*Aim of the exercise:* Set down the lines below, exactly, starting at the one that contains "хрустящей корочки, помидоры" and stopping at the last line, inclusive. Omit pictures.

*Material provided:*
↓

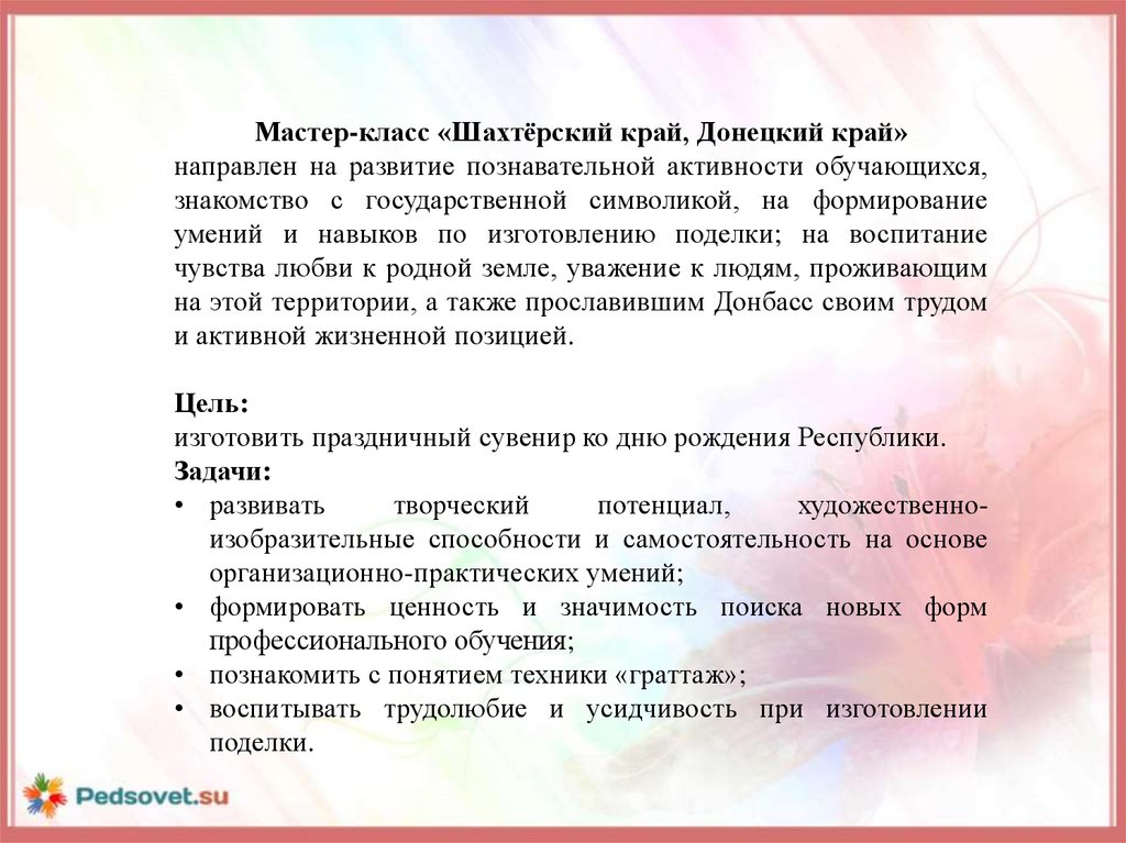 Мастер-класс «Шахтёрский край, Донецкий край»направлен на развитие познавательной активности обучающихся,
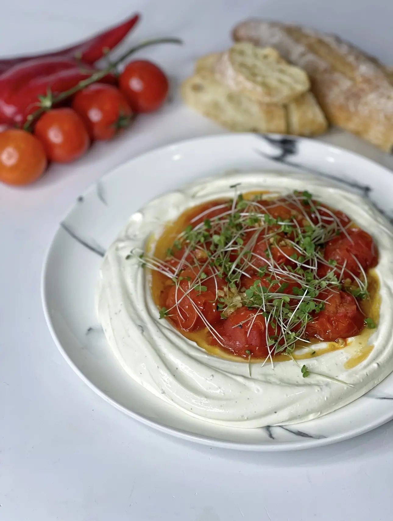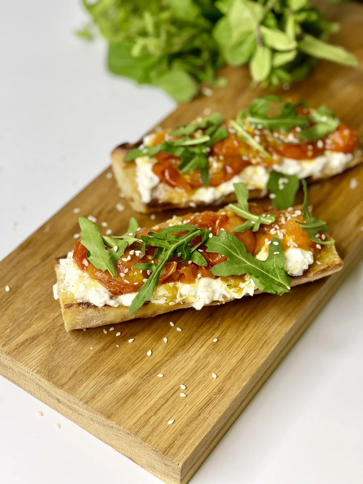хрустящей корочки, помидоры с чесноком и специями отправить в духовку на минут 10 при 200°, хлеб смазать чесноком, выложить сыр буратту, мягкие помидоры , посыпать рукколой и кунжутом.
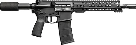 Built on the Mk57 platform, this BANSHEE accepts FN Five-seveN pattern magazines and features an intuitive oversized mag release. Features EML handguards, full length M-LOK slots on both sides and the bottom of the handguard as well as M-LOK between the top picatinny rail sections; Radial Delayed Blowback operating system; full kit of ZEROED parts including: pistol grip, drop-in trigger, 60/90 degree ambi safety, linear compensator 9mm, AR15- ambi charging handle, bolt catch and polymer dust cover. Includes 20rd ProMag magazine.
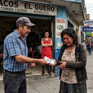Mi mesera humilló a esta mujer hambrienta en la puerta de mi fonda. La defendí y le di mis últimos 500 pesos. Cinco años después, lo perdí todo y terminé recogiendo basura en la calle para sobrevivir. Pero un día, un auto de lujo se detuvo frente a mí. Lo que pasó después te dejará sin aliento.

↑

*Answer to the exercise:*
хрустящей корочки, помидоры с чесноком и специями отправить в духовку на минут 10 при 200°, хлеб смазать чесноком, выложить сыр буратту, мягкие помидоры , посыпать рукколой и кунжутом.
 Built on the Mk57 platform, this BANSHEE accepts FN Five-seveN pattern magazines and features an intuitive oversized mag release. Features EML handguards, full length M-LOK slots on both sides and the bottom of the handguard as well as M-LOK between the top picatinny rail sections; Radial Delayed Blowback operating system; full kit of ZEROED parts including: pistol grip, drop-in trigger, 60/90 degree ambi safety, linear compensator 9mm, AR15- ambi charging handle, bolt catch and polymer dust cover. Includes 20rd ProMag magazine.
Mi mesera humilló a esta mujer hambrienta en la puerta de mi fonda. La defendí y le di mis últimos 500 pesos. Cinco años después, lo perdí todo y terminé recogiendo basura en la calle para sobrevivir. Pero un día, un auto de lujo se detuvo frente a mí. Lo que pasó después te dejará sin aliento.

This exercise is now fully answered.